1. Anak dapat berbicara beberapa kata sederhana
2. Anak masih mengerti kata-kata yang diucapkan kepadanya
3. Anak masih mampu untuk memahami kata petunjuk singkat
4. Anak masih bisa diajak komunikasi meskipun hanya menggunakan bahasa isyarat dan bahasa tubuh.

Apabila dari ke 4 hal diatas anak masih bisa mampu menguasai maka anak yang telat bicara masih bisa diberikan stimulasi dan rangsangan hingga anak bisa berbicara.  Akan tetapi apabila dari 50 % dari kata-kata yang diucapkan tidak bisa dimengerti maka sebaiknya anak dibawa ke psikiater untuk diberi penanganan lanjutan.

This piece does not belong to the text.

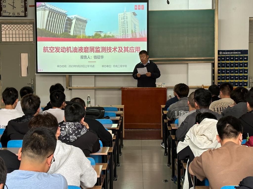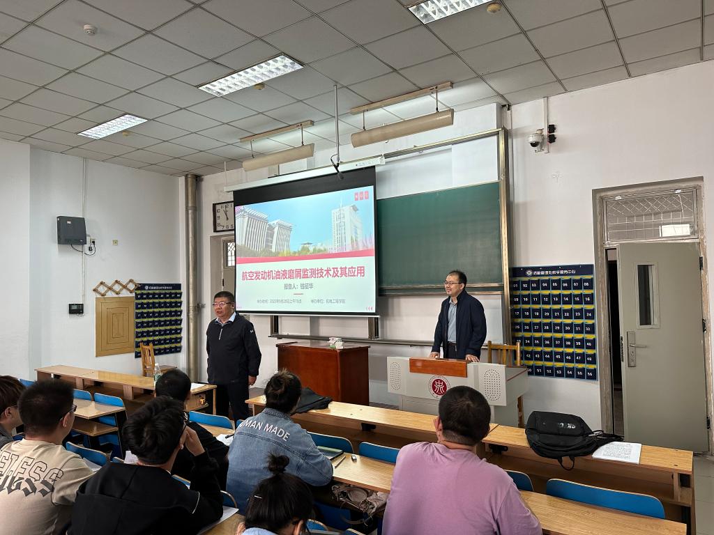研究生做了《航空发动机油液磨削监测技术及其应用》的学术报告,副院长赵河明教授主持。

Anak yang telat bicara bisa jadi karena memang anak berada dalam lingkungan keluarga yang pendiam.  Lingkungan keluarga yang pendiam akan membuat anak miskin kosa kata dan anak tidak akan terstimulasi dengan baik sehingga anak akan telat bicara.  Selain itu penyebab anak lambat bicara bisa jadi dikarenakan orang tuanya yang sibuk diluar.  Orang tua yang sibuk di luar akan sedikit berkomunikasi dengan anak.  Hal inilah yang membuat anak jarang mendapatkan stimulasi berbahasa.

Penyebab anak telat bicara yang perlu diperhatikan adalah bisa jadi karena perkembangan organisnya yang memang tidak mendukung.  Perkembangan organis yang perlu diketahui yaitu

1. Otak pusat bicaranya yang belum matang atau dikarenakan ada gangguan perkembangan otak atau yang biasa disebut dengan istilah Disphasia.

2. Susunan gigi dan bentuk lidah yang tidak sesuai juga akan mempengaruhi perkembangan bahasa anak.

3. Sistem pendengaran anak yang terganggu juga bisa menyebabkan anak lambat berbicara.  Karena pendengaran merupakan faktor yang penting untuk anak menangkap kata-kata yang diucapkan kepadanya.

4. Keterbelakangan mental.

Untuk membantu anak agar anak cepat dan lancar berbicara dalam usia dua tahun maka para orang tua sebaiknya mengajak anak untuk latihan tiap hari.  Hal apa saja yang bisa dilakukan agar anak cepat bicara?  Berikut ini adalah hal-hal yang bisa dirutinkan di rumah

1. Sering mengajak anak berbicara sejak anak usia bayi
2. Mengenalkan konsep-konsep sederhana pada anak.  Misalnya konsep besar kecil, warna, bau dan konsep suara
3. Segera koreksi apabila anak dalam mengucapkan kata-kata ada yang salah agar hal tersebut tidak berkelanjutan.
4. Bertahap dalam mengajarkan dan tidak perlu buru-buru.  Apabila anak memang belum jelas mengucapkan ya jangan dipaksakan.
5. Mulailah dari hal-hal yang anak sukai.  Misalnya mulai dari mainan anak-anak.  Kenalkan nama dari mainan tersebut dan perbanyak lagi kosa katanya.
6. Berikan pujian apabila anak mapu mengucapkan kata-kata dengan baik.

Anak yang telat dan lambat berbicara jangan disepelekan, dan jangan ada anggapan bahwa nanti anak juga akan lancar sendiri berbicara.  Pendapat seperti ini hanyalah merugikan untuk perkembangan anak.  Mulailah untuk memberikan stimulasi berbicara kepada anak agar anak lebih cepat menguasai bidang-bidang lainnya dan anak tidak terhambat karena anak masih fokus saja membetulkan bahasanya.  Padahal anak sudah waktunya untuk belajar hal lainnya baik itu di seklah maupun di rumah.